SOP 027: How to perform a URL audit on your site
Goal:
Knowing which of your site’s pages need to be indexed, deindexed, redirected or canonicalized, as well as knowing how to perform each of these actions.
Ideal Outcome:
You will clean up your website’s URL profile, by only indexing the pages that need to be indexed and solving some duplicate content issues.
Prerequisites or requirements:
- The following procedure applies solely to WordPress.org websites that are entirely set up (including with the Yoast SEO plugin installed). If your WordPress.org site is not fully set up yet, you can see how to do it in SOP 008 (web version).
- Furthermore, keep in mind that this procedure only applies to small-to-medium sized websites (usually, up to a few hundred URLs). The URL audit process for large sites is out of the scope of this SOP.
Why this is important:
This URL audit is very important for crawl-path optimization. In other words, indexing the right URLs on your website will help Google and the other search engines crawl the pages you want them to display in SERPs, as opposed to pages that only make your website look outdated, spammy, or plain and simply low-quality.
Where this is done:
In your browser, in your WordPress.org website, using Google Sheets, as well as the Export All URLs and Redirection Wordpress plugins.
When is this done:
When you want to optimize your website for the search engines. Ideally, this should be done before a site goes live, but it can be done afterward as well.
Who does this:
You, your SEO specialist, a VA you hired, or a digital marketing agency you employed.

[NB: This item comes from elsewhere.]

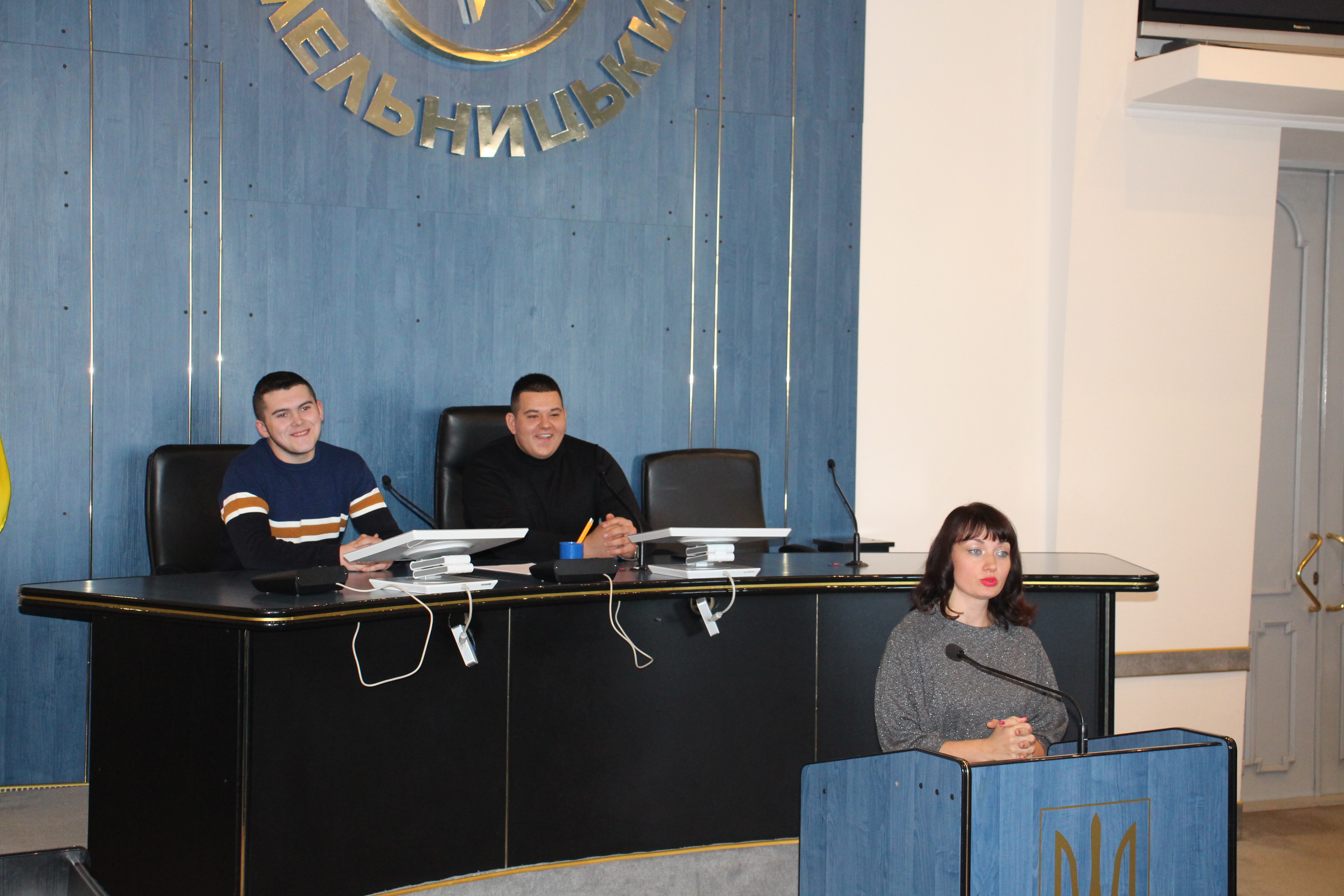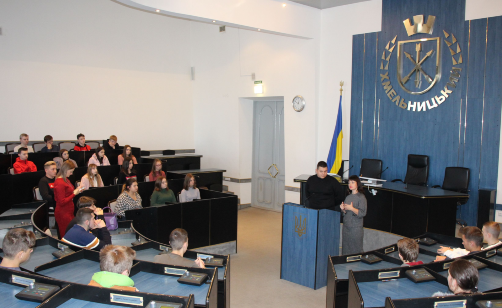 Далі із діяльністю органів місцевого самоврядування, роботою та складом міської ради молодь ознайомила керуючий справами виконавчого комітету Хмельницької міської ради Юлія Сабій.
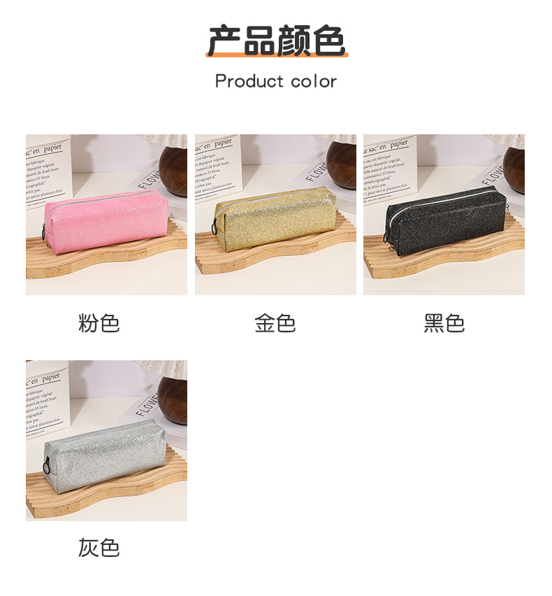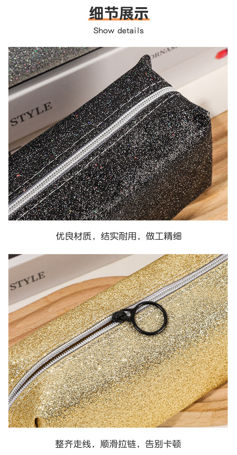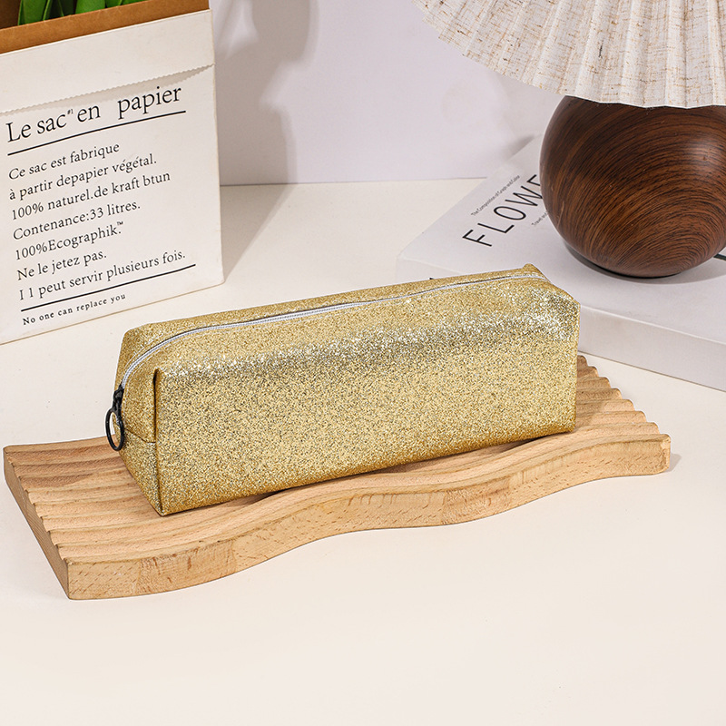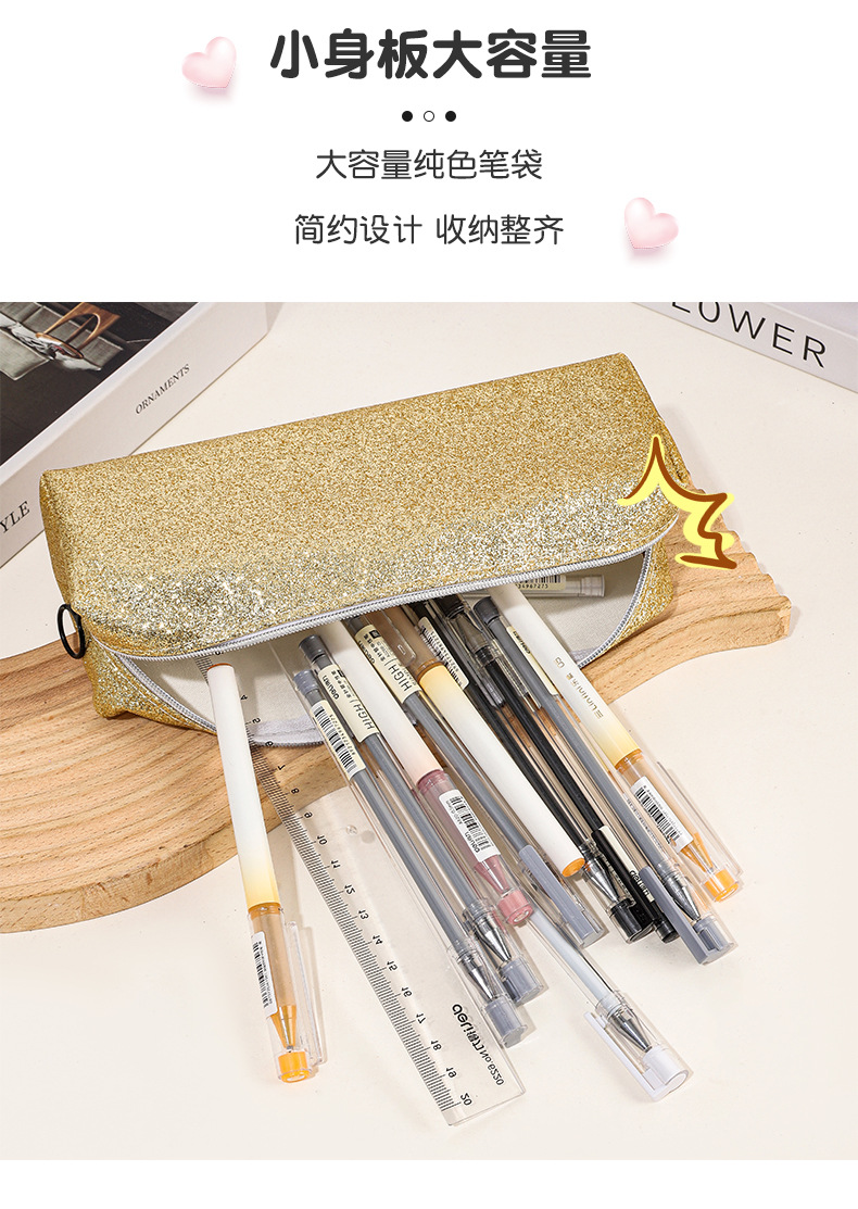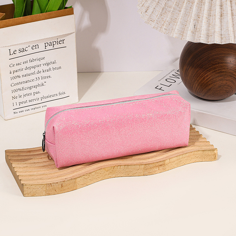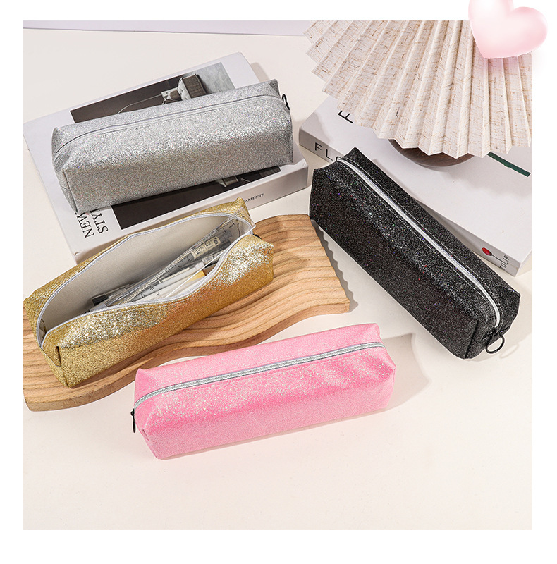 새로운 PU 단색 반짝이 펜 케이스, 제조업체 직송, 학생용 대용량, 오염 방지, 휴대용 문구 가방, 연필 케이스

Find all URLs on your website
The first step you have to make in the URL audit process is finding all the URLs on your website. Follow this procedure to extract all the URLs on your website:
Download, install and activate the Export All URLs plugin.
To do this, you need to download the ZIP folder at the aforementioned link.
1. Go to your Wordpress Admin Panel → Plugins → Add New → Upload Plugin.
2. Upload the plugin from your computer.
3. Click on “Install Now”.
4. Click on “Activate”.
5. Go to Settings → Export All URLs.
6. Tick “All Types”, “URLs”, and “CSV”.
7. Click on “Export”.
8. Click on “Download Now”.
9. Select where to download the .csv file.
10. Rename it (for the purpose of this example, we used “Exported_Data_All_URLs”, but you can rename it any other way that makes it easy to recognize).
Classify the URLs
Depending on how many URLs your website has, the URL classification process may get a bit time-consuming. However, it is a step you simply cannot skip if you want your website to be properly optimized for the search engines.
Here’s what you need to do to classify your site’s URLs:
1. Open a new sheet in Google Sheets.
2. Go to File → Open → Open your .csv file with all the URLs.
3. Copy the URLs.
4. Go to the “URL Audit Worksheet” we have created for you.
5. Make a copy of it in your own Drive folders.
6. Add a new sheet. Rename it “Unclassified URLs”.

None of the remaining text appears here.